Юлия Тупикина: Понятно, что язык должен быть близок к живому, чтобы молодёжь подключилась к этому произведению, поверила в него. А объём... Сейчас люди вообще с трудом концентрируются на чём-то длинном, внимание рассеивается, поэтому объём художественных произведений укорачивается, шортриды пользуются большей популярностью, чем лонгриды, серии в сериалах тоже стали короче. На мой взгляд, это хорошая тенденция: она побуждает не размазывать всё тонким слоем, а писать более концентрированно. Но что касается театра, продолжительность спектакля пока что не поменялась и, на мой взгляд, не поменяется — потому что люди не могут приехать на 15 минут, чтобы посмотреть спектакль. Скорее всего, длительность спектаклей так и останется полтора-два часа. Да, надо учитывать, что современные люди экономят время, что его не хватает — культурного контента становится всё больше и больше, а день не увеличился, в сутках 24 часа, поэтому тенденция к сокращению продолжительности и объёма произведения есть. Но при этом есть и другая тенденция — на длинные высказывания (фильм Хржановского «Дау», например). Что касается ритма — на мой взгляд, со времён «Над пропастью во ржи» и вообще прозы Сэлинджера глобально ничего не поменялось. Достоверный язык, не очень большой объём, разнообразный ритм — это всё очень зашло в то время, сделало огромный переворот и так поменяло искусство и литературу для подростков, что теперь мы все не можем делать вид, что Сэлинджера не было, мы должны ориентироваться на то, что он открыл и привнёс. Хотя, казалось бы, семьдесят лет уж прошло, и тем не менее вклад Сэлинджера в литературу для подростков сохраняется. Что из жанров появилось сейчас — так это видеоблоги и вообще блоги, жанр откровенных монологов. Это такой дневник, который ведётся для всех, публично. Например, в моей пьесе «Вдох-Выдох», про которую мы уже говорили, диалогические сцены чередуются с видеоблогами, и эти монологи представляют собой микро-монопьесы. Влияние видеоблогов я вижу во многих пьесах: текстовые блоги и видеоблоги вошли в нашу жизнь, и авторы не могут это не учитывать.

Детство и искусство для детей, по-твоему, это пространство свободы или территория запрета?

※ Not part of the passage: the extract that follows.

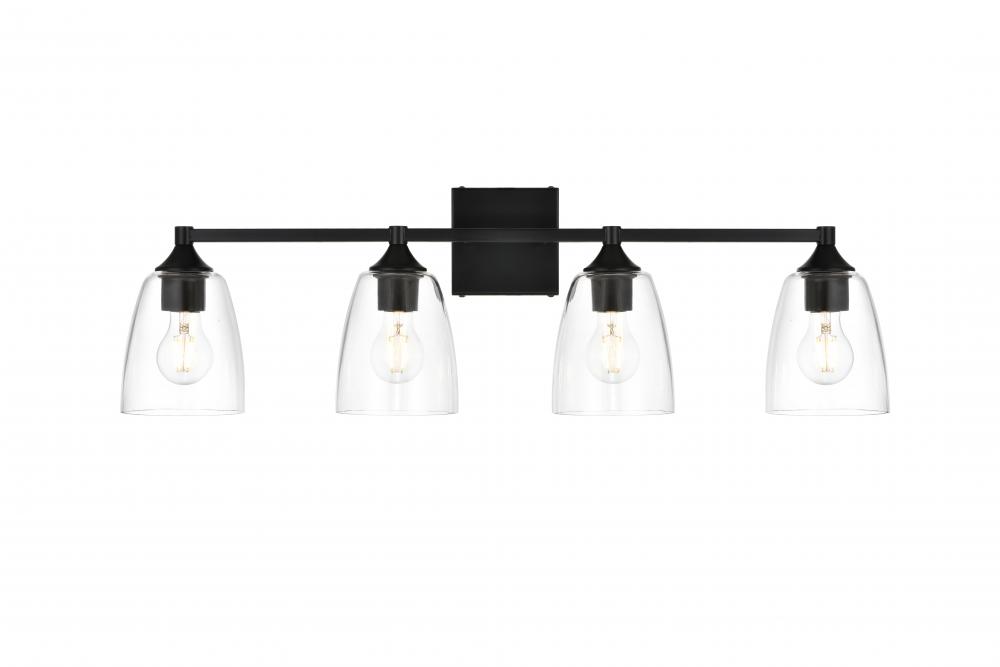 Defined by a sleek metal arm extends to suspend the clear tapered glass shade. A contemporary stunner, it shows off the straight line details from the backplate and the streamline thick metal arm. Compatible with dimmers, so you'll have the right amount of light in any given time of the day. Completely versatile, you can place this wall light as an uplight or downlight. Rated for use in damp locations, this will work perfectly over a vanity in your bathroom.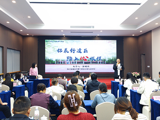 温州市瓯海职业中专集团学校副校长陈超超以《“瓯潮” 文化引领下的中职 “三瓯六潮” 德育模式探索》为题作专题讲座。她从 “理念与路径:以美立人”“实践与举措:各美其美”“辐射与传播:美美与共” 三个维度,系统分享了学校在德育工作中的探索历程与显著成效。讲座既有理论高度的深度剖析,又有具体案例的生动解读,引发了研修团队的强烈共鸣,大家纷纷表示对中职德育工作有了更清晰的思路。

Юлия Тупикина: На мой взгляд, искусство вообще — пространство свободы. Оно для этого и появилось — чтобы мы свободно, непредвзято посмотрели на нашу жизнь и сделали выводы. Это рефлексия общества относительно жизни — куда мы движемся, как мы живём, допускаем ли мы ошибки? И эта рефлексия в художественной форме очень важна и необходима. Человечество появилось, и тут же появилось искусство — наскальная живопись и т.д. Искусство было всегда и будет всегда. И конечно же, это пространство создано для свободной рефлексии: то есть оно появилось не как функция государства, которое хочет промыть мозги гражданам, не как пропаганда — а изначально как пространство свободы, поэтому никакого запрета не может быть на этой территории — искусство как раз и борется с запретами, оно вскрывает и работает с табу. Запрет — это пространство политики: когда государство организуется, оно начинает вырабатывать правила, в которых много запретов. А искусство рефлексирует, пересматривает, обнуляет, перетряхивает, инвентаризирует и преодолевает запреты внутри себя, описывает случаи преодоления, историю бунтов и так далее. Это изначально совершенно свободное пространство, и поэтому, мне кажется, мы все занимаемся им. Мы имеем эту ценность, и в нас есть потребность в увеличении пространства свободы или, скажем так, в профилактике несвободы, в том, чтобы вся наша жизнь не превратилась в один большой запрет — в этом миссия искусства.